- THE TASK: All lines from the one bearing "Leveres med en" through the end of the data below must be printed exactly as they stand, with pictures removed.
--- RECORDS SUPPLIED ---
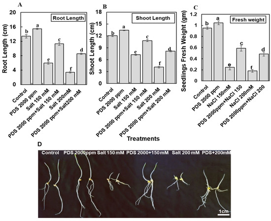 Moreover, application of PDS at 2000 ppm increased seedling fresh weight as compared to control. In a similar way, PDS 2000 ppm alleviated salt stress and the fresh weight (g) of seedlings was found to be more than salt-stress-treated seedlings (Figure 3C).
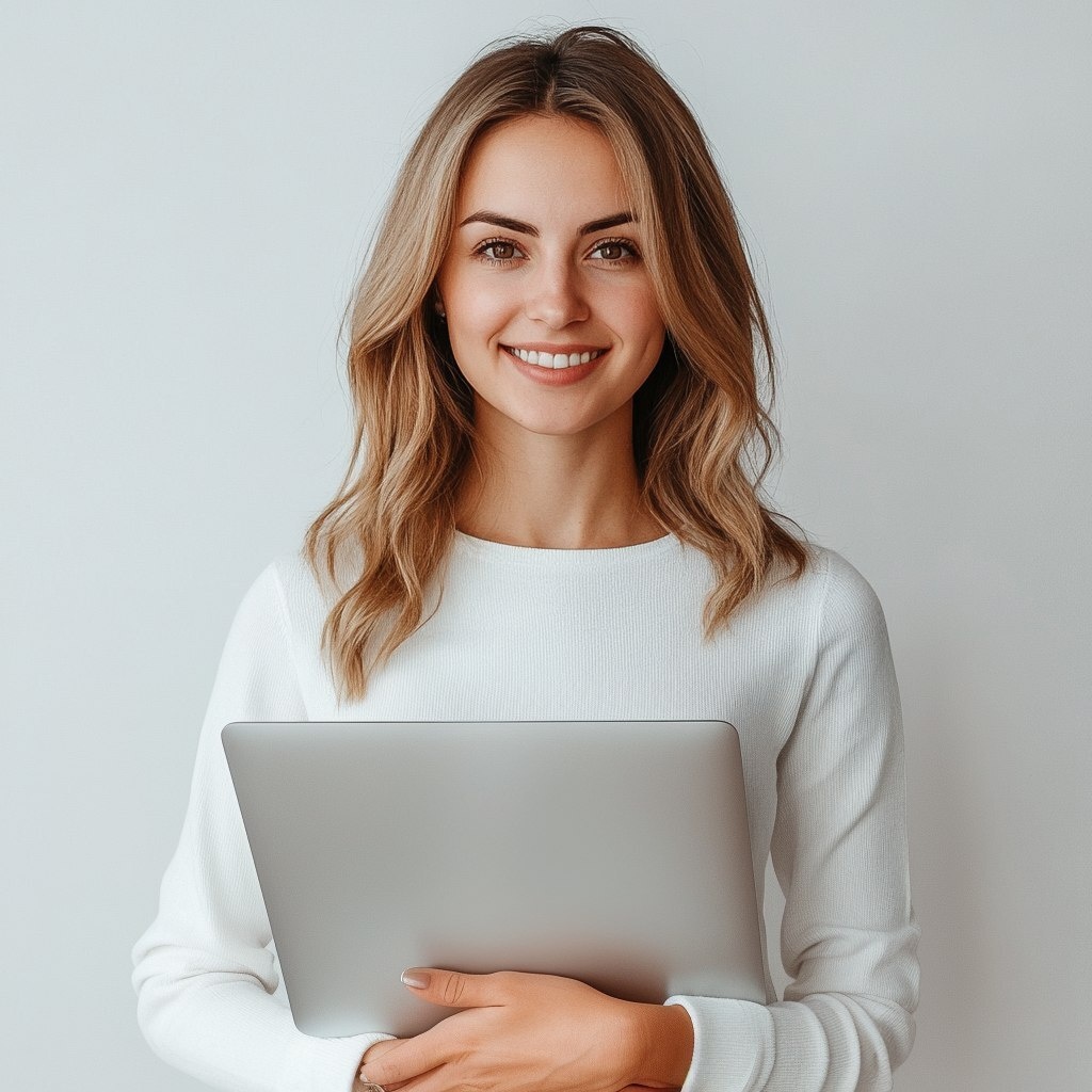 Создано на основе запроса: A realistic photo of 30y.o. ukrainian woman who is SMM manager, to the waist, smiling , wearing casual (black or white), holding the laptop, modern clean look, front view, bright lighting, no background, professional photography, shot on Canon EOS 5D, ultra-realistic --- Автоперевод: Реалистичная фотография 30y.O. Отлично получилось? 🤔 https://dzen.ru/id/65c0c65c86e4f837c27b24d7 #ИИ #AI #нейросеть #midjourney #art
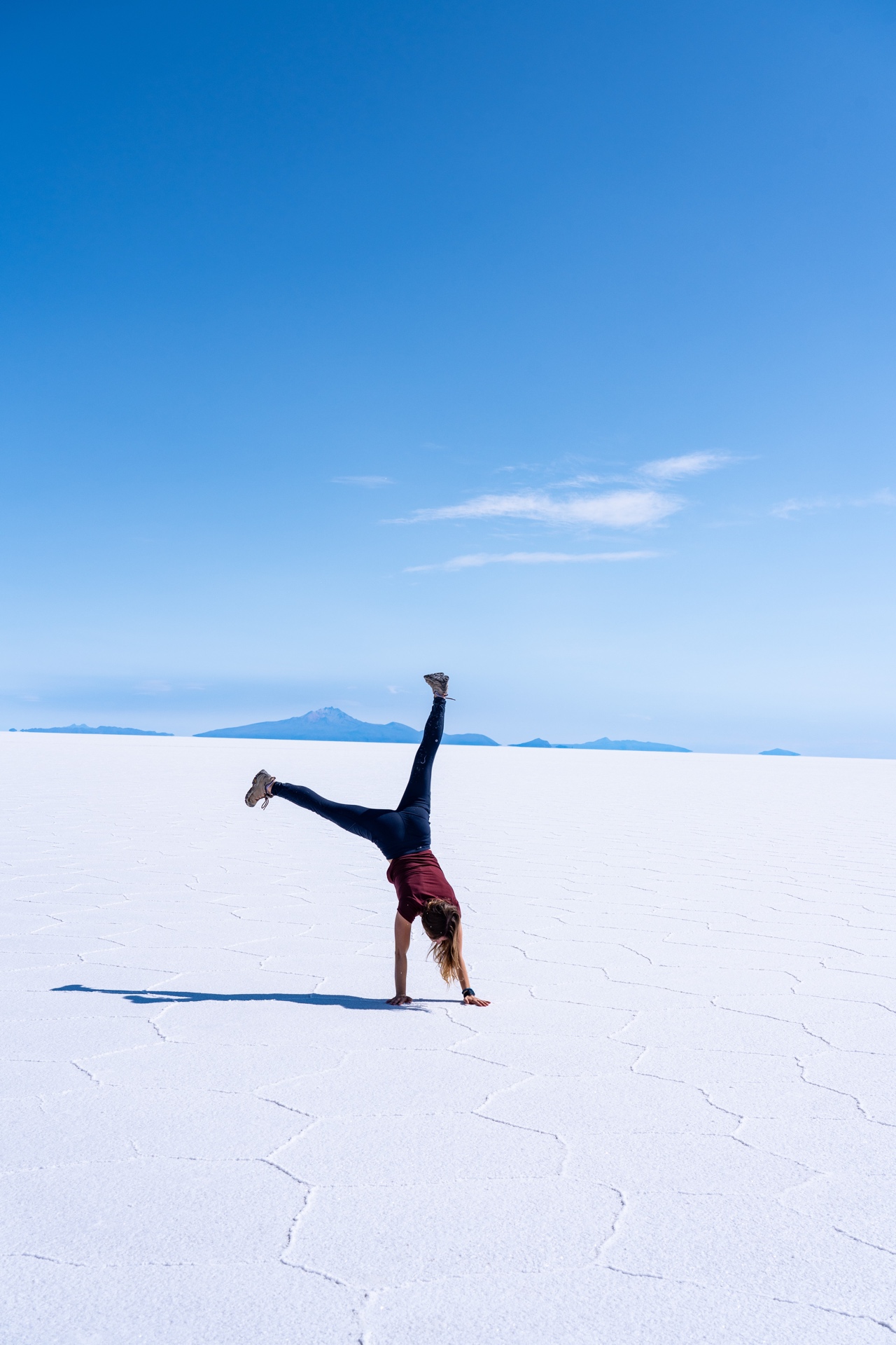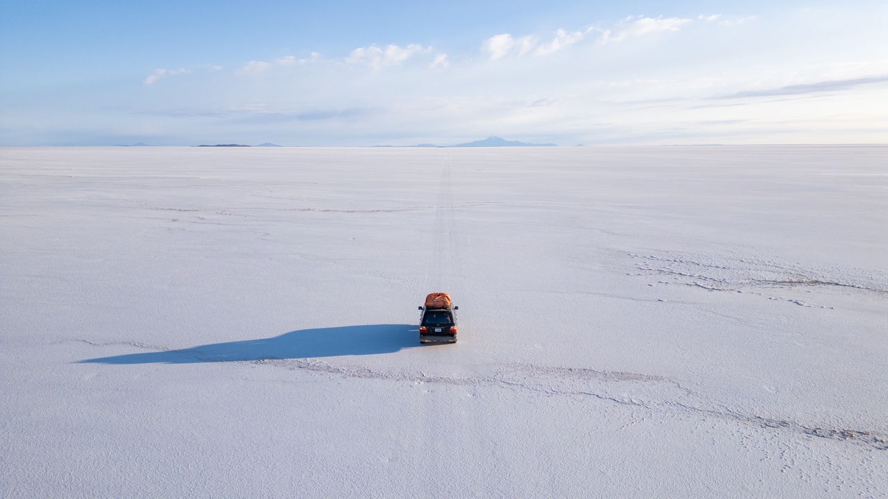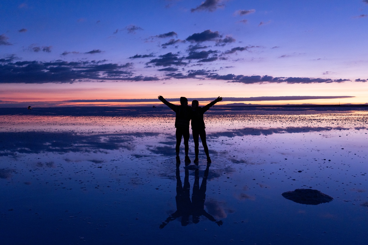 We woke up before 5 am, quickly dressed, and loaded the van by 5:20 a.m. We were on the road by 5:30 a.m., heading towards the salt flats. It was pitch black, but the drive to the salt flats only took about 20 minutes. Elvis found a spot on the flats that still had big puddles leftover from the rain and pulled over. Despite the freezing cold temperatures, we hopped out of the warm car to take photos. The sunrise was truly breathtaking, and the reflection of the brilliant colours in the big puddles made the scene all the more magical. Elvis directed an entire photoshoot and video shoot with his signature wacky pose suggestions. I was also able to fly the drone and get some incredible shots from up above as well.
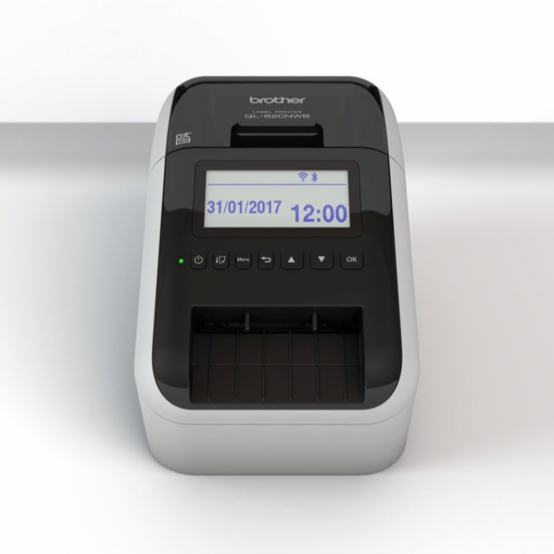 Leveres med en AC-adapter + netledning, USB-kabel og 29 mm x 90 mm sort print på hvide standardadresseetiketter (100 etiketter) – 62 mm sort/rød print på papirbånd i kontinuerlig længde (5 meter)
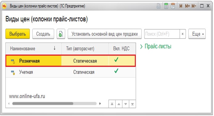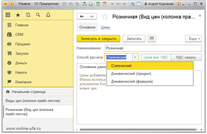 Если данного типа цен еще нет, то нажимаем на кнопку «Создать», в наименовании цены пишем, например, «Розничная», способ расчета выбираем «Статический», уточняем каким образом в цене будет рассчитываться НДС.
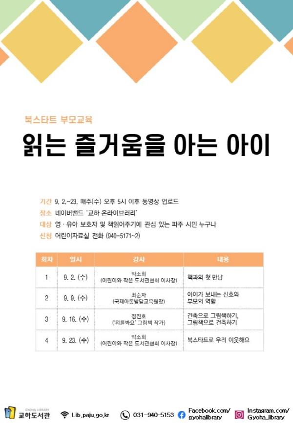 파주시 교하도서관은 2일부터 23일까지 매주 수요일에 총 4회에 걸쳐 ‘북스타트 부모교육, 읽는 즐거움을 아는 아이’를 운영한다.
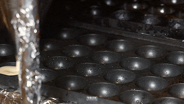 在圆形模具中,挤入面糊是第一步。整个过程丝滑流畅,需等待高温使它慢慢凝固成型,成为一只面糊小碗,才好装进更多的馅料。
---
- SOLUTION FOR THIS PROBLEM:
 Leveres med en AC-adapter + netledning, USB-kabel og 29 mm x 90 mm sort print på hvide standardadresseetiketter (100 etiketter) – 62 mm sort/rød print på papirbånd i kontinuerlig længde (5 meter)
 Если данного типа цен еще нет, то нажимаем на кнопку «Создать», в наименовании цены пишем, например, «Розничная», способ расчета выбираем «Статический», уточняем каким образом в цене будет рассчитываться НДС.
 파주시 교하도서관은 2일부터 23일까지 매주 수요일에 총 4회에 걸쳐 ‘북스타트 부모교육, 읽는 즐거움을 아는 아이’를 운영한다.
 在圆形模具中,挤入面糊是第一步。整个过程丝滑流畅,需等待高温使它慢慢凝固成型,成为一只面糊小碗,才好装进更多的馅料。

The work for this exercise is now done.